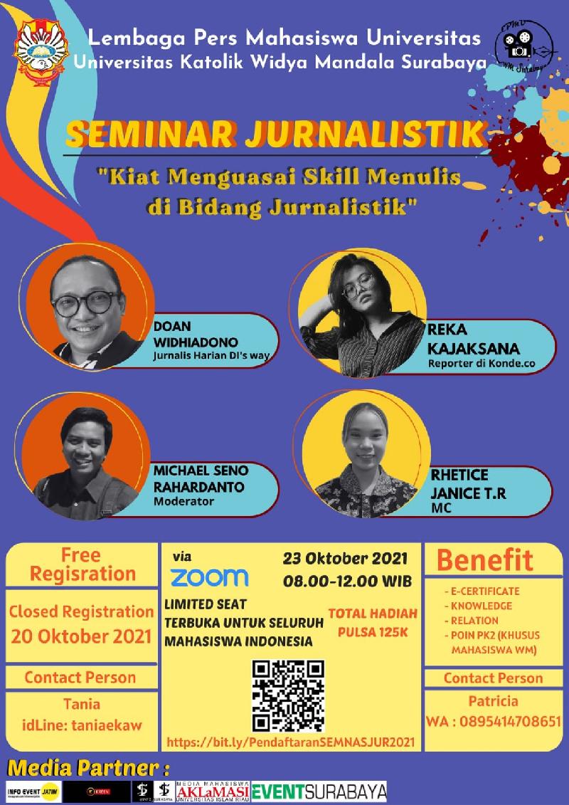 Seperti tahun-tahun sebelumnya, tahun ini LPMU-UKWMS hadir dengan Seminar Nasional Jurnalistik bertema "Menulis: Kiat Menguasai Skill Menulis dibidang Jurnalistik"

# # # # #

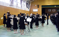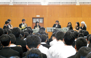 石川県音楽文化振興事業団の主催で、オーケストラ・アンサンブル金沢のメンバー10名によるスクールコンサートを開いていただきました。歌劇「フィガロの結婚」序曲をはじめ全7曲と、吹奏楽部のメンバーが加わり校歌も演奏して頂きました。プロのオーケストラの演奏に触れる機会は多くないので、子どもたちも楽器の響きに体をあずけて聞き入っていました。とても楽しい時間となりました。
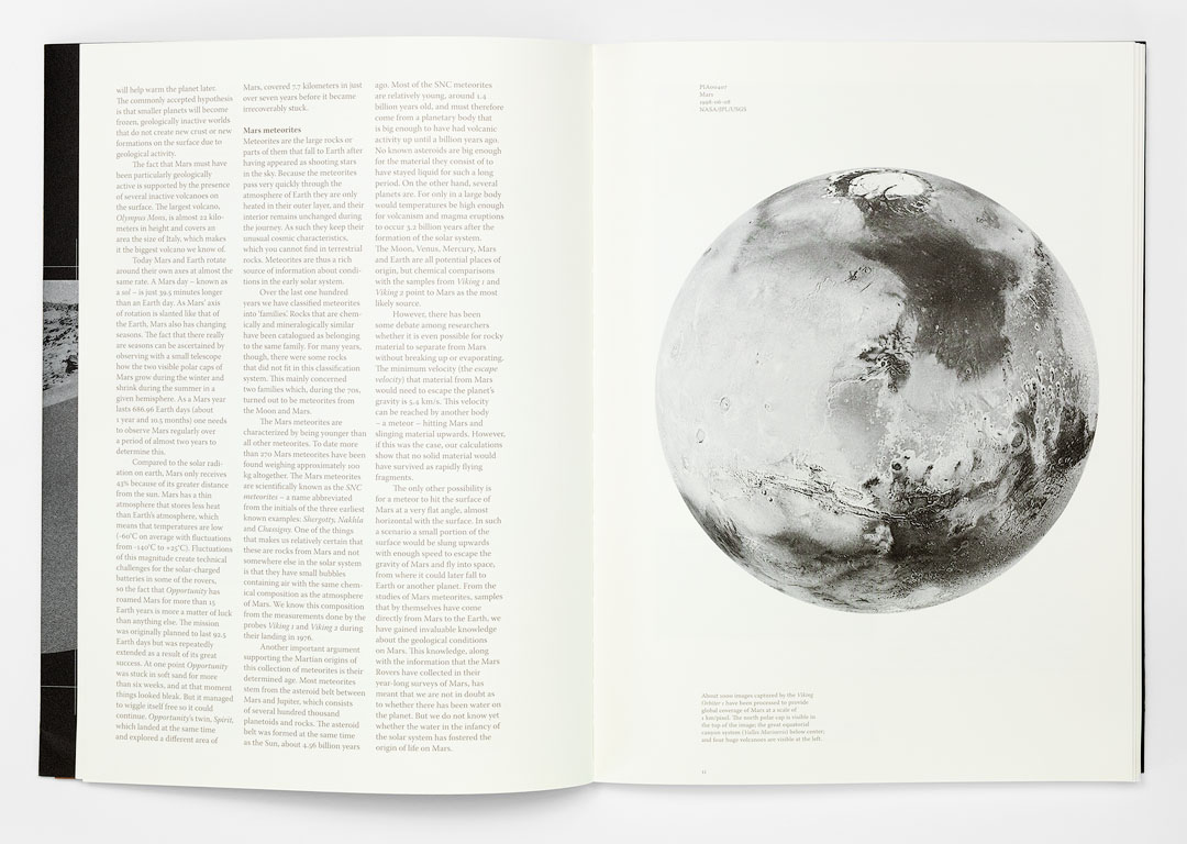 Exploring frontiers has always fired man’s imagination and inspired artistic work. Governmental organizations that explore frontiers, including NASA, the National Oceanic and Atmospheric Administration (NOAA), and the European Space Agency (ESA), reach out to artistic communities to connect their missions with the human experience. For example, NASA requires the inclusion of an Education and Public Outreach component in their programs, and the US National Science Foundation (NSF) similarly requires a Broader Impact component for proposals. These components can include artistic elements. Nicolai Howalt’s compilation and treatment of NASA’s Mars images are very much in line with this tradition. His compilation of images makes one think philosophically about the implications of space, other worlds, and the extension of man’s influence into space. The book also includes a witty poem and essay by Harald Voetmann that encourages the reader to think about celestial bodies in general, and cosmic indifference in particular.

# # # # #

ASSIGNMENT
Starting at the line above with "石川県音楽文化振興事業団の主", output every line exactly up to and including the line with "Exploring frontiers has", but none of the pictures.

TASK OUTPUT
 石川県音楽文化振興事業団の主催で、オーケストラ・アンサンブル金沢のメンバー10名によるスクールコンサートを開いていただきました。歌劇「フィガロの結婚」序曲をはじめ全7曲と、吹奏楽部のメンバーが加わり校歌も演奏して頂きました。プロのオーケストラの演奏に触れる機会は多くないので、子どもたちも楽器の響きに体をあずけて聞き入っていました。とても楽しい時間となりました。
 Exploring frontiers has always fired man’s imagination and inspired artistic work. Governmental organizations that explore frontiers, including NASA, the National Oceanic and Atmospheric Administration (NOAA), and the European Space Agency (ESA), reach out to artistic communities to connect their missions with the human experience. For example, NASA requires the inclusion of an Education and Public Outreach component in their programs, and the US National Science Foundation (NSF) similarly requires a Broader Impact component for proposals. These components can include artistic elements. Nicolai Howalt’s compilation and treatment of NASA’s Mars images are very much in line with this tradition. His compilation of images makes one think philosophically about the implications of space, other worlds, and the extension of man’s influence into space. The book also includes a witty poem and essay by Harald Voetmann that encourages the reader to think about celestial bodies in general, and cosmic indifference in particular.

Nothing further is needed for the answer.